## Study material
══════

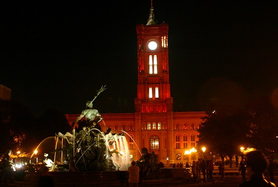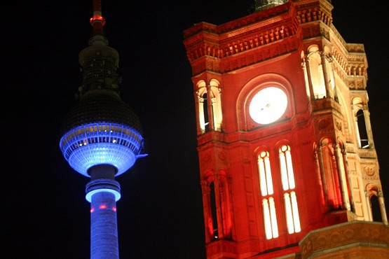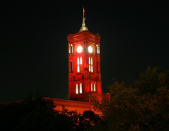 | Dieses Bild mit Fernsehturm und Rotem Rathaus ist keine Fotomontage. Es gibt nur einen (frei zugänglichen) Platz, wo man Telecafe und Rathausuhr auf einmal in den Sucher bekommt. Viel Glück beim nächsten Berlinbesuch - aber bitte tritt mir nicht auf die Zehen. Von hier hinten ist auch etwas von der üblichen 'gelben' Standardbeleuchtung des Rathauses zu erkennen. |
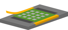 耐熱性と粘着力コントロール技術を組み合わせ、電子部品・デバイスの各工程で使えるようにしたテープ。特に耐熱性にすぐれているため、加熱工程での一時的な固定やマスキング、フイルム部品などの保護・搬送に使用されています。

══════

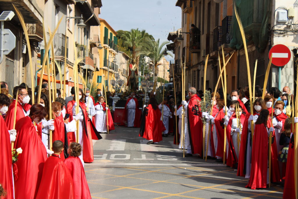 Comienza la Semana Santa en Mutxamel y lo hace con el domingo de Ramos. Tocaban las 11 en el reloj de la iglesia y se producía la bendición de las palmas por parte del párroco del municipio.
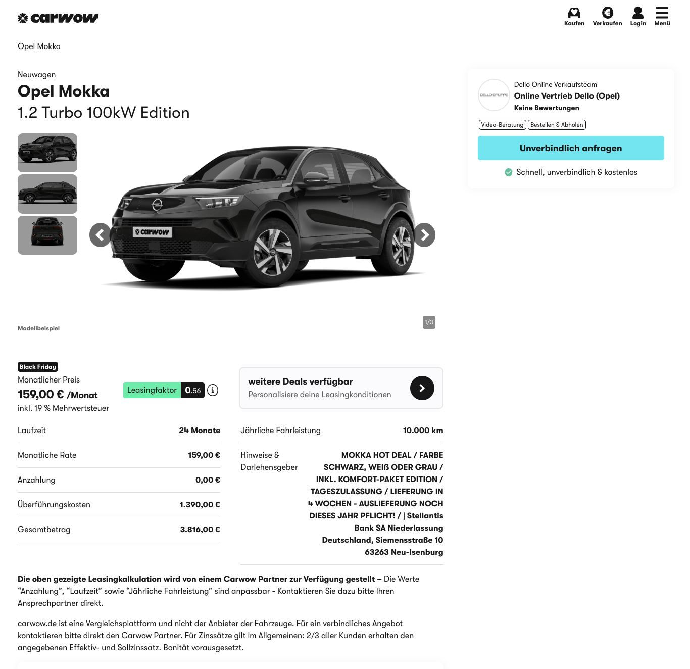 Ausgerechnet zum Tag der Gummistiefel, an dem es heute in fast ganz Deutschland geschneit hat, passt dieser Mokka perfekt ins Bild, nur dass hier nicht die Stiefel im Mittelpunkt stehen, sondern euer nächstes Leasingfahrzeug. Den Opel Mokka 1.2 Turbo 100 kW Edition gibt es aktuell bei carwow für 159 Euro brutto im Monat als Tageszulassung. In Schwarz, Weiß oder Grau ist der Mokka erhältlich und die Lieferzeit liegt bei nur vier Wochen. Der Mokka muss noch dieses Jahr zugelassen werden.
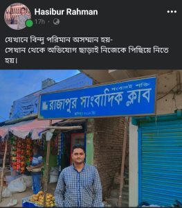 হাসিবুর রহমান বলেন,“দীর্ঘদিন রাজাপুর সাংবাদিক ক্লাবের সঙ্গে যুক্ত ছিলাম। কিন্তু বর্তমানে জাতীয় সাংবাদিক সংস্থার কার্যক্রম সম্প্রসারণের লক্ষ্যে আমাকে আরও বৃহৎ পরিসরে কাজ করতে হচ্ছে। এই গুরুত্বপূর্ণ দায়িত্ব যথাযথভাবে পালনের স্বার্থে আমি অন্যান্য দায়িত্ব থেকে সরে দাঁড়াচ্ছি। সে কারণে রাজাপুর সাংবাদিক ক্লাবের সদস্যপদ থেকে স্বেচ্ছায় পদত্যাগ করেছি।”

══════

Nothing but the lines above, starting at the line that contains "zu erkennen. |" and ending at the line that contains "耐熱性と粘着力コントロール技", should be given again, exactly and without the pictures.

## Response to the task
 | Dieses Bild mit Fernsehturm und Rotem Rathaus ist keine Fotomontage. Es gibt nur einen (frei zugänglichen) Platz, wo man Telecafe und Rathausuhr auf einmal in den Sucher bekommt. Viel Glück beim nächsten Berlinbesuch - aber bitte tritt mir nicht auf die Zehen. Von hier hinten ist auch etwas von der üblichen 'gelben' Standardbeleuchtung des Rathauses zu erkennen. |
 耐熱性と粘着力コントロール技術を組み合わせ、電子部品・デバイスの各工程で使えるようにしたテープ。特に耐熱性にすぐれているため、加熱工程での一時的な固定やマスキング、フイルム部品などの保護・搬送に使用されています。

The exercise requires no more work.